ACTIVITY: Once the line containing "Sculpture assemblage d’objets." is found, please copy it and all lines after it through the end of the records, exactly, leaving out pictures.

Data excerpts
════
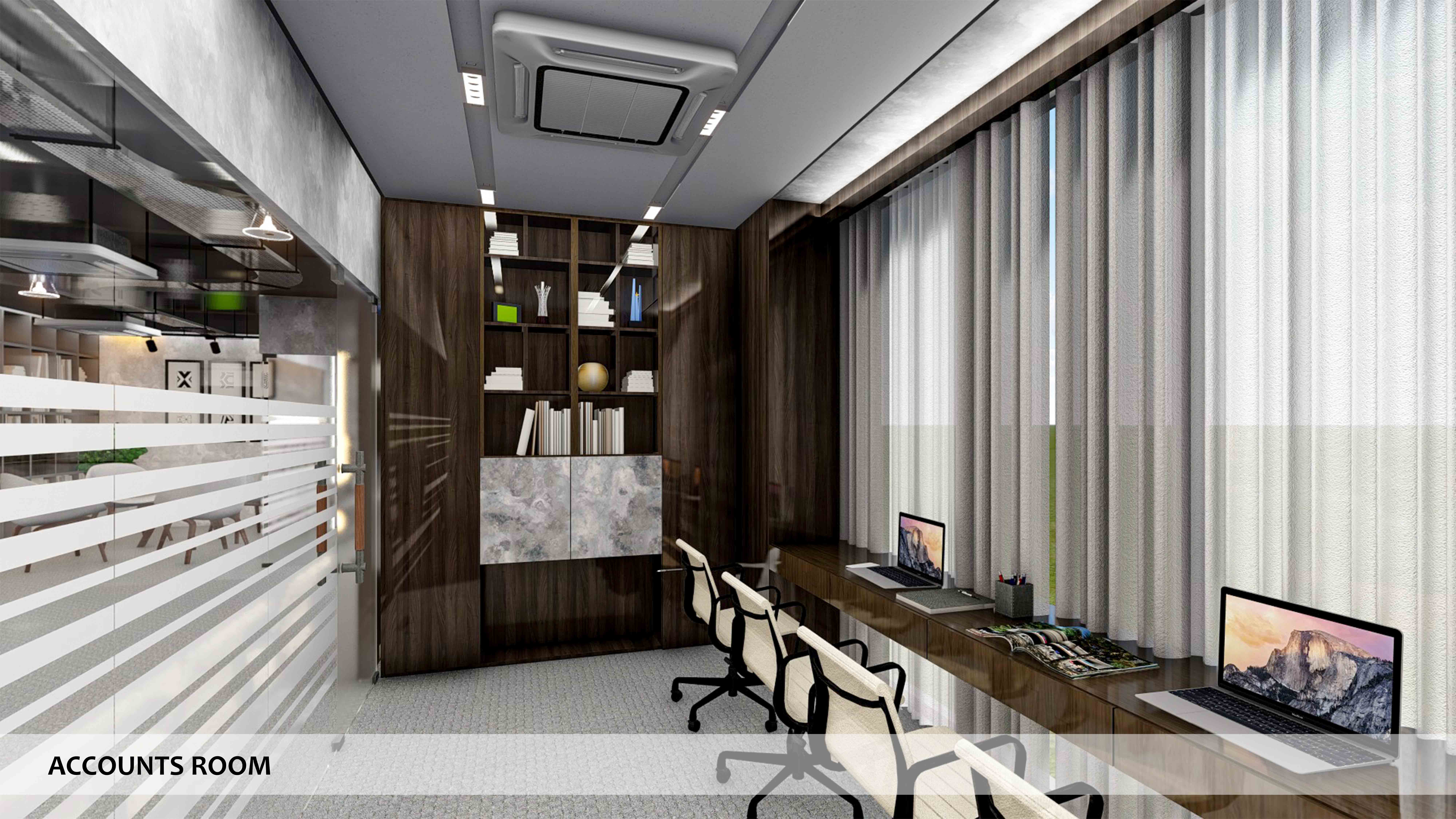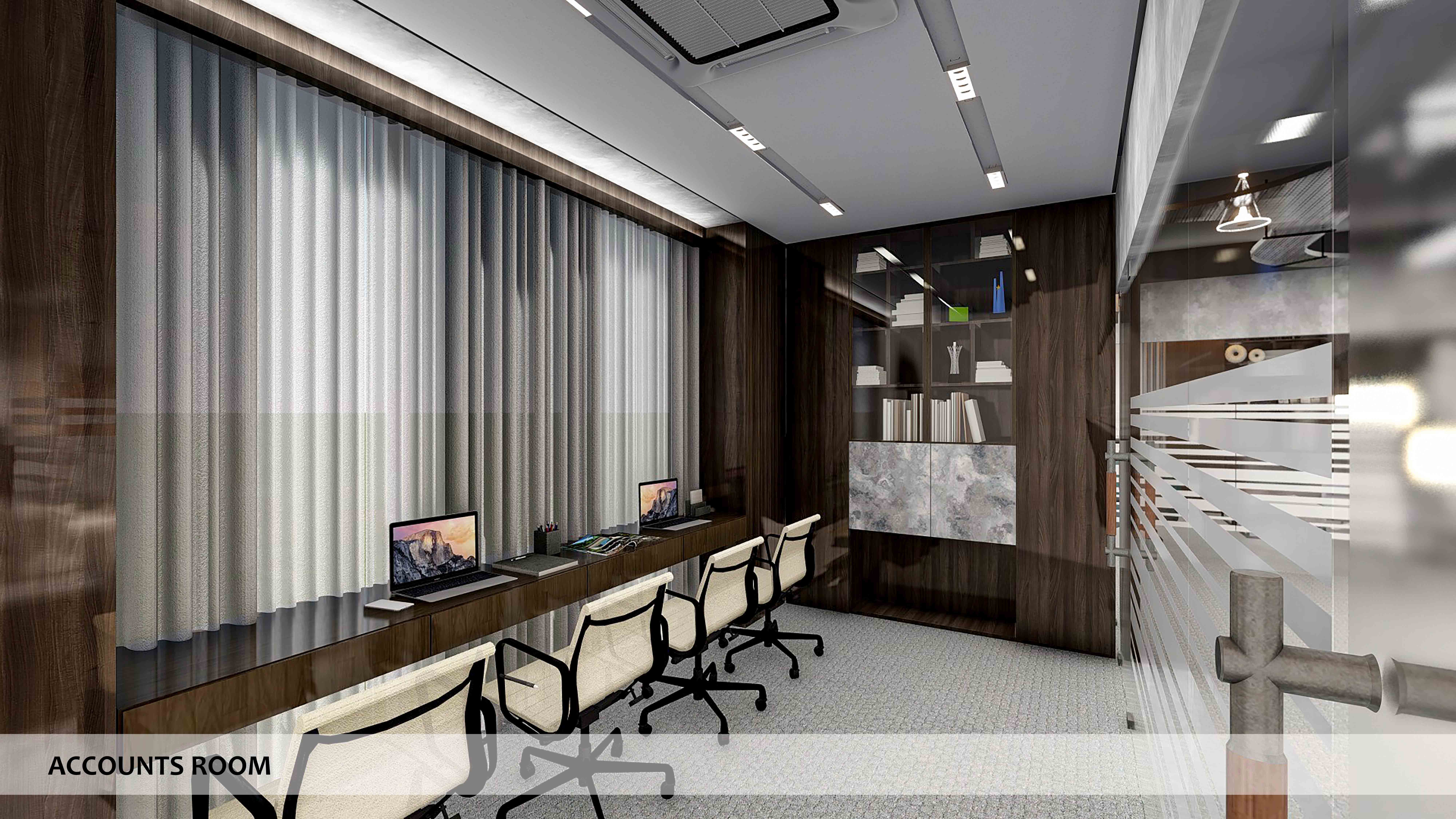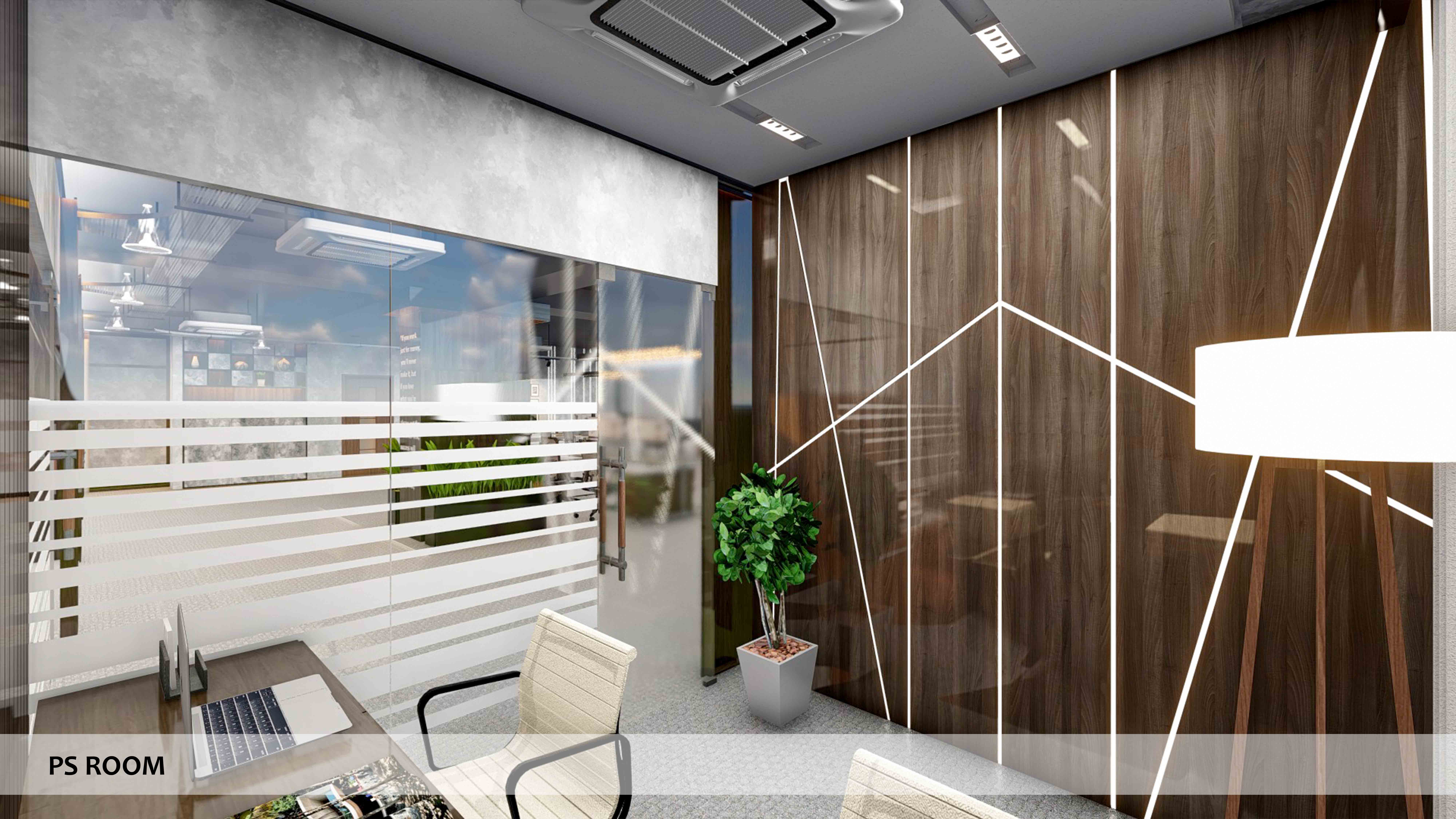 Every seniors rooms are designed as private executive zones that reflect authority and sophistication. A combination of wood veneer, soft grey walls, and strategic lighting establishes a calm and focused atmosphere. Custom furniture, minimal ornamentation, and framed monochrome artworks introduce a contemporary corporate character.
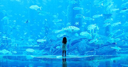 Desde la gigantesca cristalera (es la más grande del mundo y mide 32,8m de ancho y 8,3m de alto) que da a una de las arterias del Dubai Mall, el acuario (10 millones de litros) causa sensación con sus peces exóticos, sus mantarrayas o sus lamias...posee más de 120 especies. Es un espectáculo magnífico sobre todo si se ve desde dentro. En cuanto ha comprado los tiquets (bastante caros, aunque existen varias opciones y tarifas de grupo), entra directamente en un túnel de cristal (48m) que atraviesa todo el acuario y le permite admirar este universo acuático.
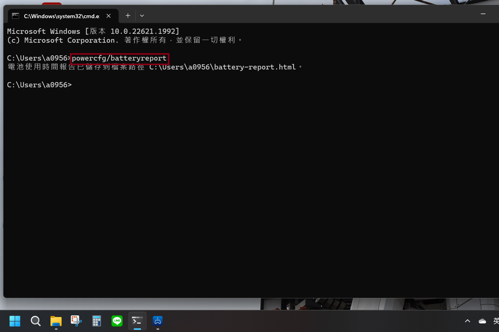 接著在命令提示字元裡面輸入 powercfg /batteryreport 按下Enter,接著電腦就會產生指令生成報告。
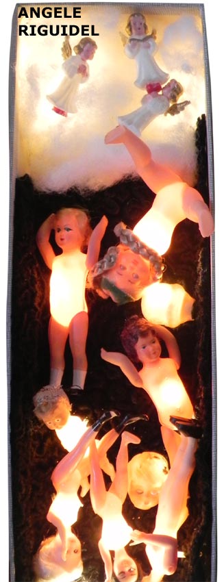 Sculpture assemblage d’objets. Personnages lumineux avec des ailes. laiton et rouge. Oriental, lampe.
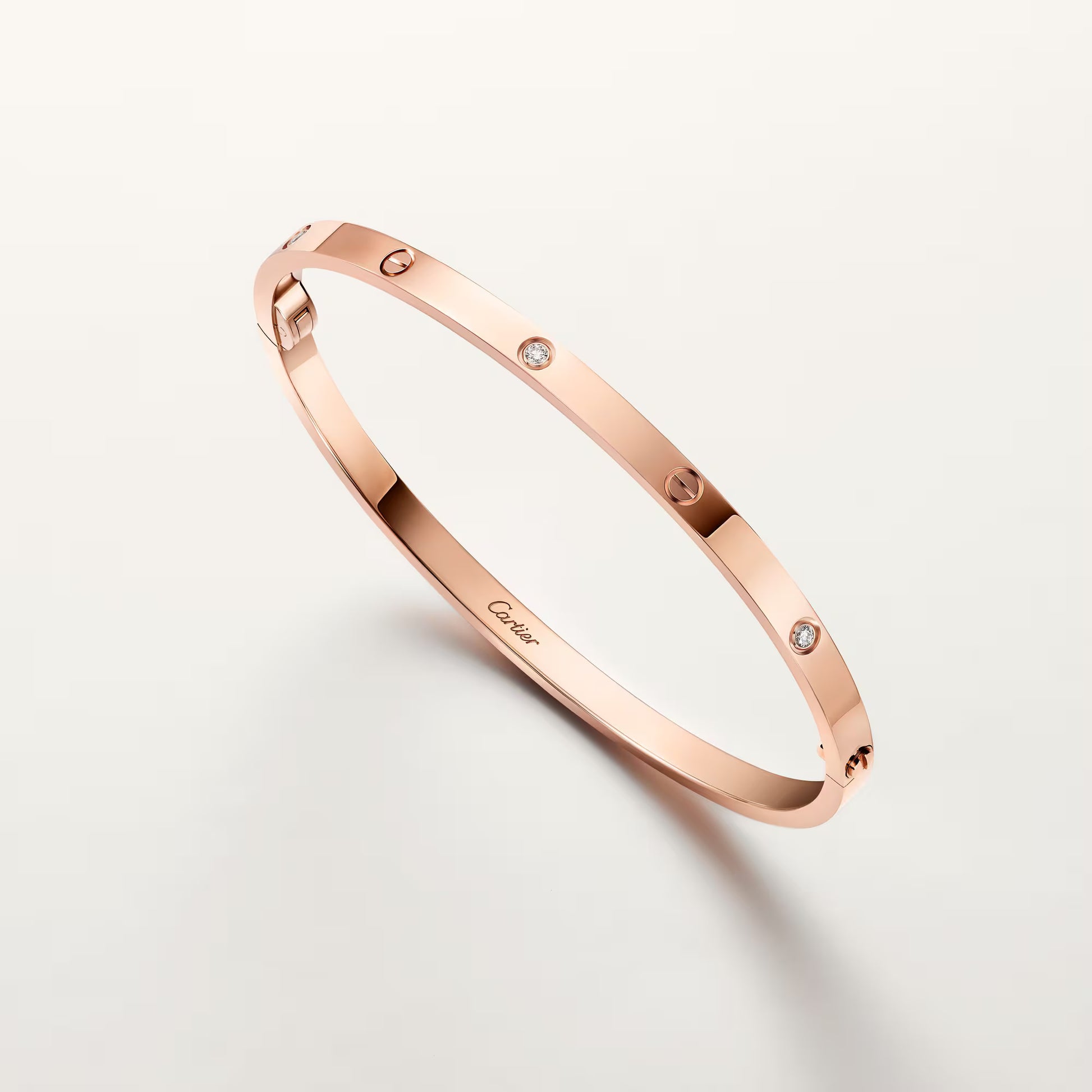 Elevate your elegance with this small model LOVE bracelet crafted in luxurious 18K rose gold. Featuring six exquisitely set diamonds, it offers a delicate yet striking accent to any outfit.
════
RESULT FOR THIS TASK:
 Sculpture assemblage d’objets. Personnages lumineux avec des ailes. laiton et rouge. Oriental, lampe.
 Elevate your elegance with this small model LOVE bracelet crafted in luxurious 18K rose gold. Featuring six exquisitely set diamonds, it offers a delicate yet striking accent to any outfit.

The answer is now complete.